Structure prompts for caching. OpenAI automatically caches prompt prefixes longer than 1,024 tokens. Put your static system prompt and few-shot examples at the beginning, and the variable input text last. Cached tokens cost 50% less.

Batch similar requests. Instead of classifying one text per API call, group 5-10 items in a single prompt:

 1
 2
 3
 4
 5
 6
 7
 8
 9
10
11
12
13
14
15
from pydantic import BaseModel
from typing import Literal

class BatchResult(BaseModel):
    classifications: list[dict[str, str]]

texts = [
    "Love the new update!",
    "This is broken",
    "When do you ship to Canada?",
]

prompt = "Classify each text as positive, negative, or neutral:\n"
for i, t in enumerate(texts):
    prompt += f"{i+1}. {t}\n"

This reduces overhead tokens (system prompt, examples) from N calls down to 1. For a 10-item batch, you cut costs by roughly 60%.

Use the Batch API for offline work. Upload a JSONL file of requests and get results within 24 hours at 50% off. Perfect for daily classification jobs or backfills.

Common Errors and Fixes

openai.BadRequestError: Invalid schema

1
2
3
openai.BadRequestError: Invalid schema for response_format
'Classification': In context=(), 'additionalProperties' is required to be
supplied and to be false

This happens when your Pydantic model has nested objects without additionalProperties: false. The OpenAI SDK handles this automatically for top-level models, but nested models can trigger it. Fix by simplifying your schema or using model_config = ConfigDict(json_schema_extra={"additionalProperties": False}) on nested models.

openai.RateLimitError: Rate limit reached

1
2
openai.RateLimitError: Error code: 429 - Rate limit reached for
gpt-4o-mini in organization org-xxx on tokens per min (TPM)

You are sending too many tokens per minute. Reduce concurrency in your async code, add exponential backoff, or request a rate limit increase from OpenAI:

 1
 2
 3
 4
 5
 6
 7
 8
 9
10
11
import asyncio
from tenacity import retry, wait_exponential, stop_after_attempt

@retry(wait=wait_exponential(min=1, max=60), stop=stop_after_attempt(5))
async def classify_with_retry(text: str):
    response = await client.responses.parse(
        model="gpt-4o-mini",
        input=[{"role": "user", "content": f"Classify: {text}"}],
        text_format=Classification,
    )
    return response.output_parsed

pydantic_core._pydantic_core.ValidationError: label

1
2
3
4
pydantic_core._pydantic_core.ValidationError: 1 validation error for Classification
label
  Input should be 'billing', 'technical', 'account' or 'general'
  [type=literal_error, input_value='Billing', input_type=str]

The model returned “Billing” instead of “billing”. Structured outputs should prevent this, but it happens occasionally with older model versions. Fix by normalizing in a validator:

1
2
3
4
5
6
7
8
9
from pydantic import field_validator

class Classification(BaseModel):
    label: Literal["billing", "technical", "account", "general"]

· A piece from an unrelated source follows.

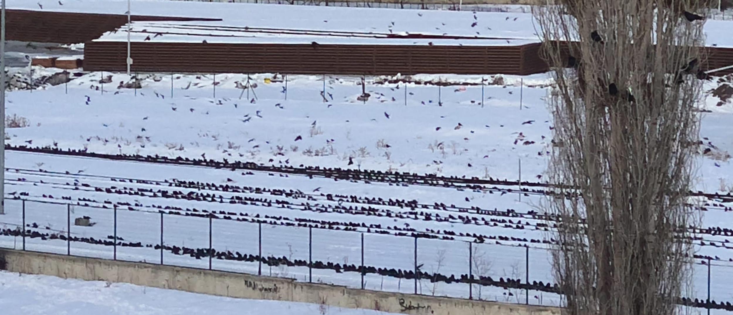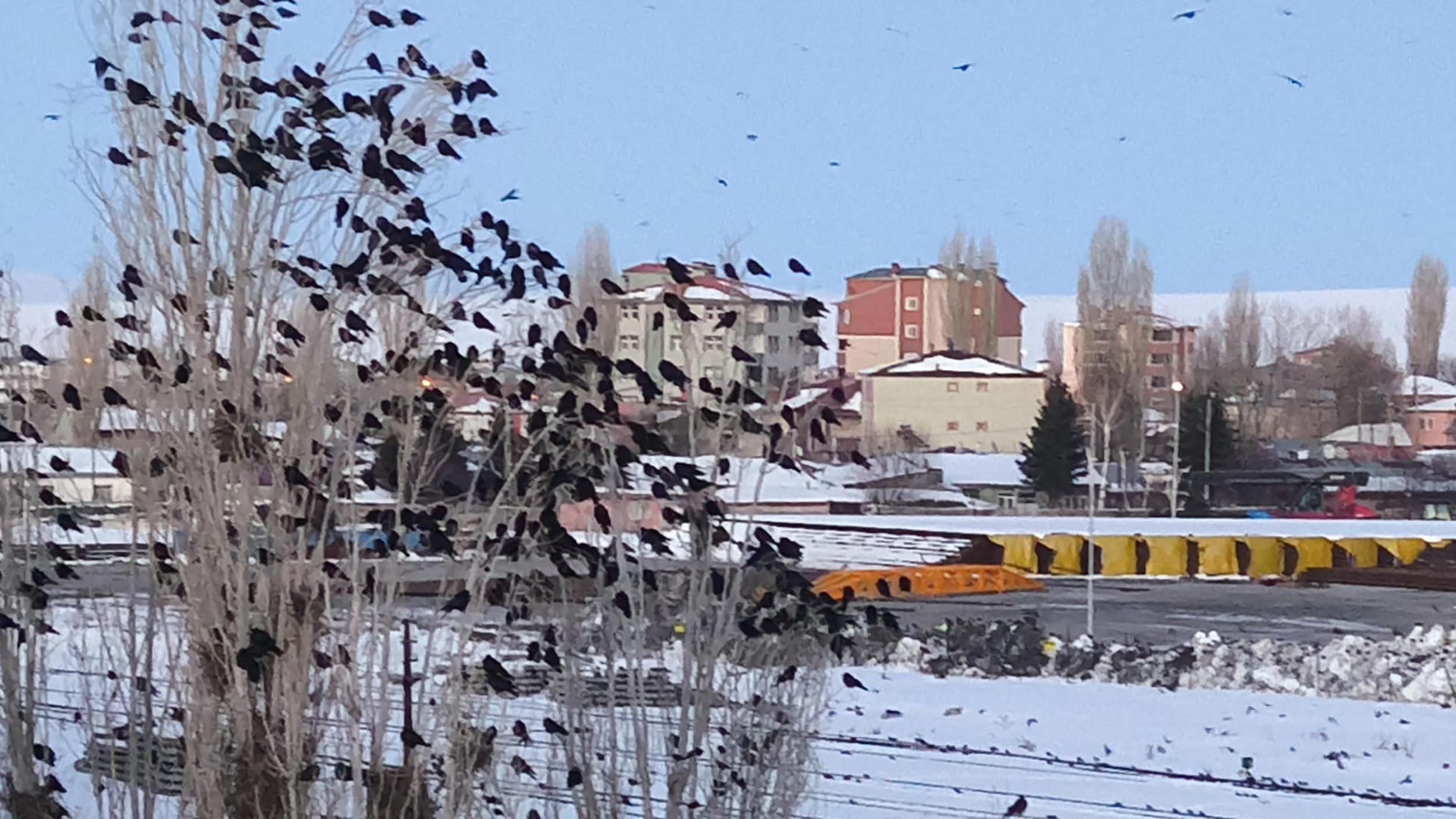 Kars’ta gökyüzünde sürü halinde uçan karga ve sığırcıklar güzel görüntüler oluşturdu. Kuşların gökyüzünde uyum içinde uçması, görüntülendi.

    @field_validator("label", mode="before")
    @classmethod
    def normalize_label(cls, v: str) -> str:
        return v.lower().strip()

Empty or None output from output_parsed

1
response.output_parsed  # None

This means the response was either truncated (hit the output token limit) or the model refused. Check the response status:

1
2
3
4
5
6
if response.output_parsed is None:
    output_msg = response.output[0]
    if output_msg.status == "incomplete":
        print("Response truncated -- increase max_output_tokens")
    else:
        print("Model refused to classify this input")

For classification tasks, truncation almost never happens (responses are tiny). If you hit this, the input likely triggered content filtering.